Aim of the exercise:
Write out, exactly and in full, the records given below, but not their pictures.

Data entries
======

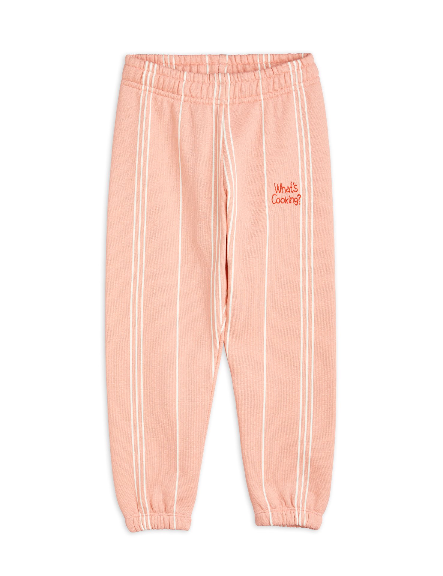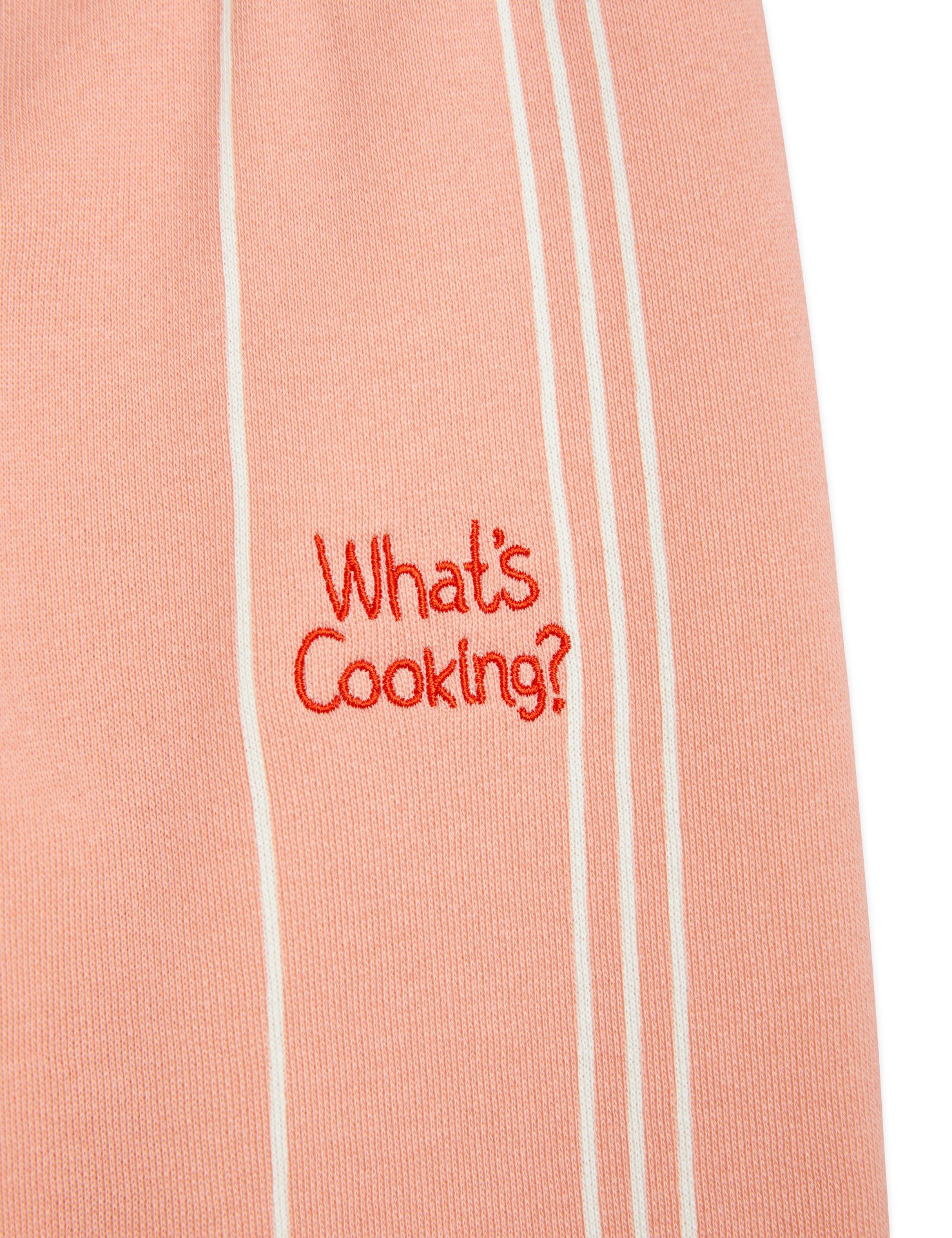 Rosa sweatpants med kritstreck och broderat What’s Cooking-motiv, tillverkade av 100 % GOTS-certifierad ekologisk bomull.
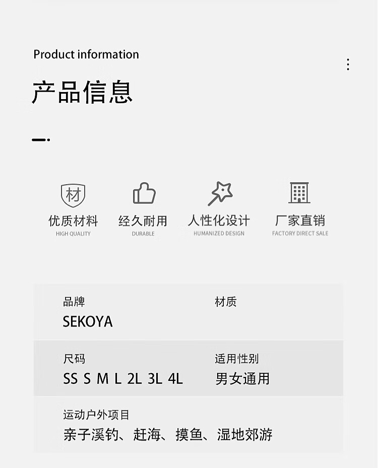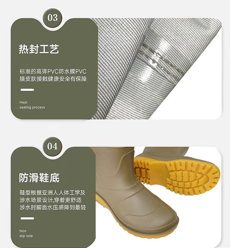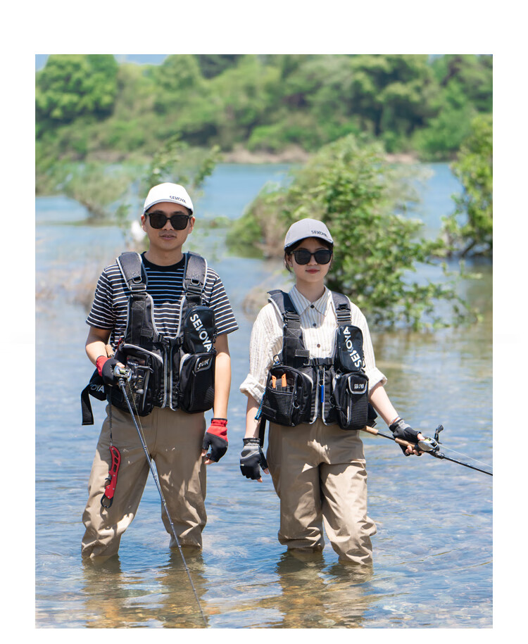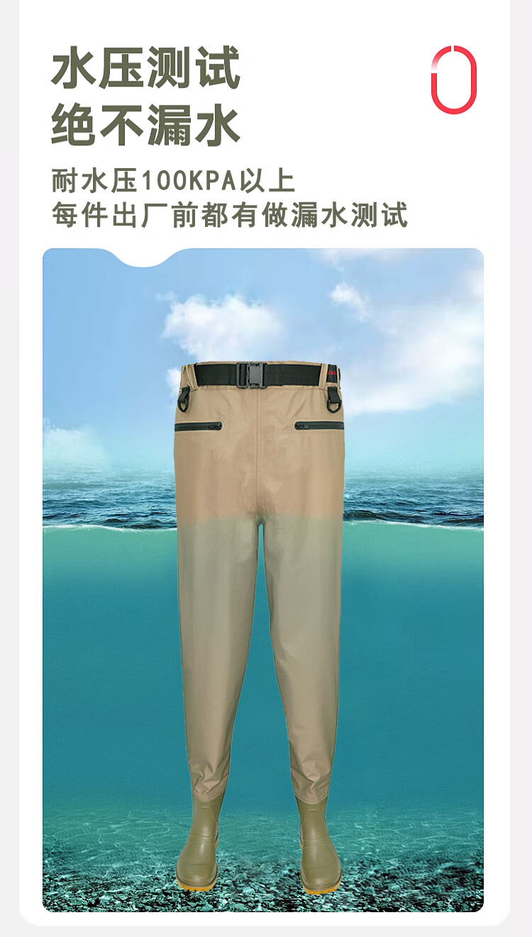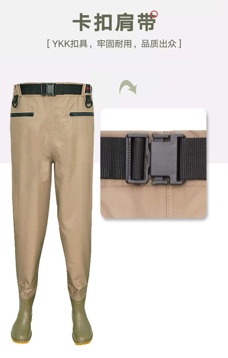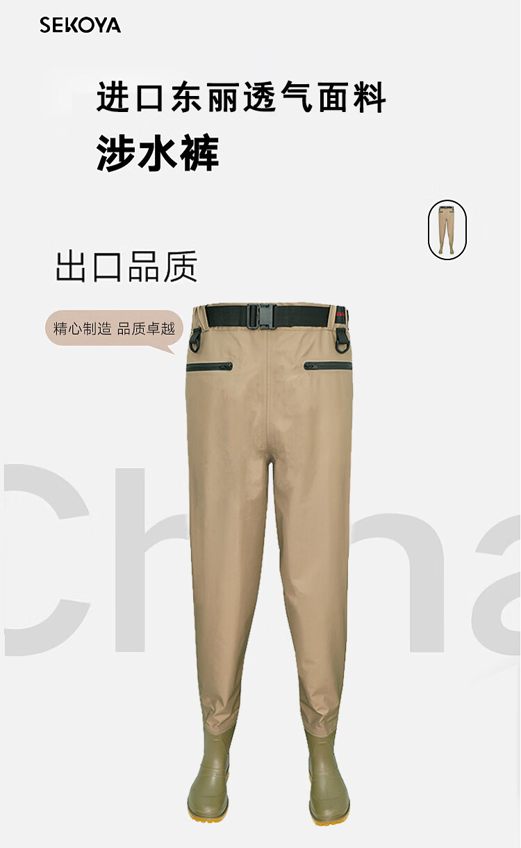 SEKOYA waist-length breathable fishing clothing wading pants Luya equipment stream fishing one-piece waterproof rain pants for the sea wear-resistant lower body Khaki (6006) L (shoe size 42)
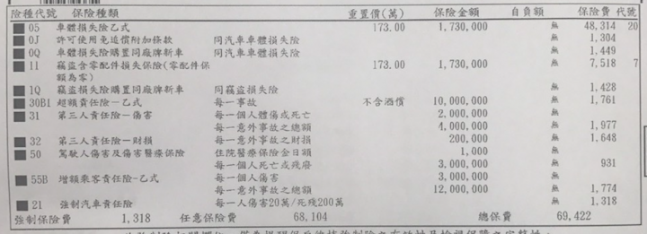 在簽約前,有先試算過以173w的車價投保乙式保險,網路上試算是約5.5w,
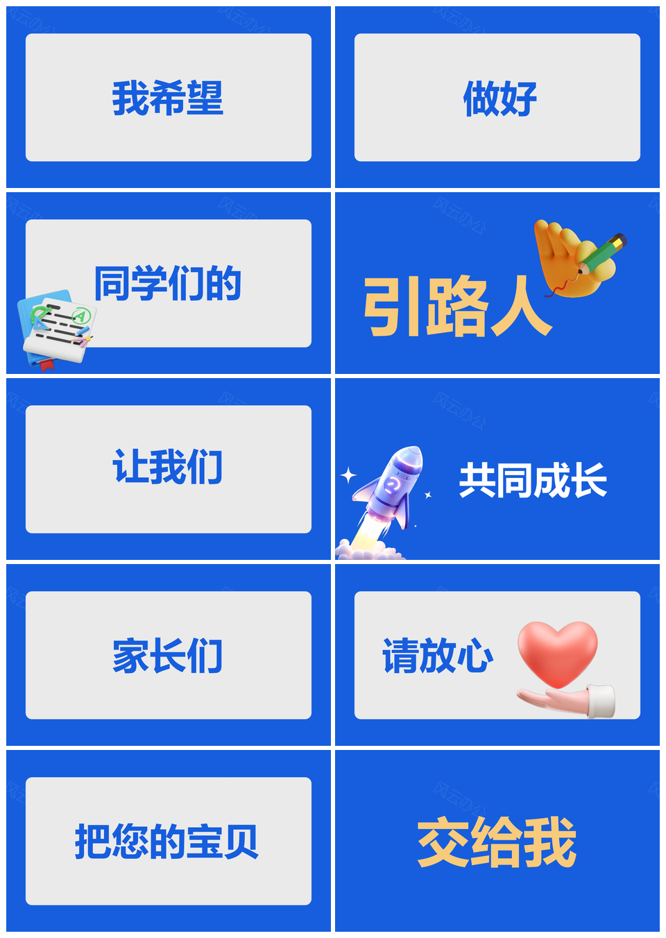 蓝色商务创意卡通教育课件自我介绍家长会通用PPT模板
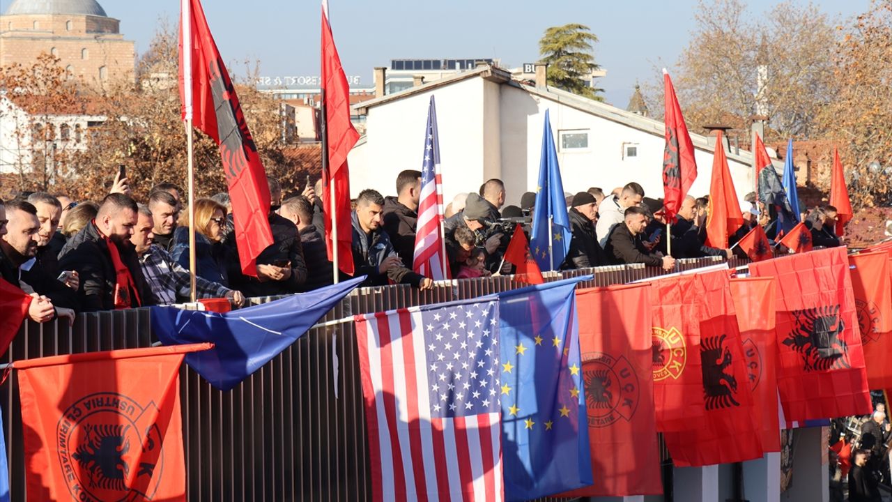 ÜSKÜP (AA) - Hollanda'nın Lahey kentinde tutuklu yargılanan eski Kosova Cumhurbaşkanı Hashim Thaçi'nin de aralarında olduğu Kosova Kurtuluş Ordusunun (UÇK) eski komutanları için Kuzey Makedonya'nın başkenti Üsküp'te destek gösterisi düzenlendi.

======

Answer box:
 Rosa sweatpants med kritstreck och broderat What’s Cooking-motiv, tillverkade av 100 % GOTS-certifierad ekologisk bomull.
 SEKOYA waist-length breathable fishing clothing wading pants Luya equipment stream fishing one-piece waterproof rain pants for the sea wear-resistant lower body Khaki (6006) L (shoe size 42)
 在簽約前,有先試算過以173w的車價投保乙式保險,網路上試算是約5.5w,
 蓝色商务创意卡通教育课件自我介绍家长会通用PPT模板
 ÜSKÜP (AA) - Hollanda'nın Lahey kentinde tutuklu yargılanan eski Kosova Cumhurbaşkanı Hashim Thaçi'nin de aralarında olduğu Kosova Kurtuluş Ordusunun (UÇK) eski komutanları için Kuzey Makedonya'nın başkenti Üsküp'te destek gösterisi düzenlendi.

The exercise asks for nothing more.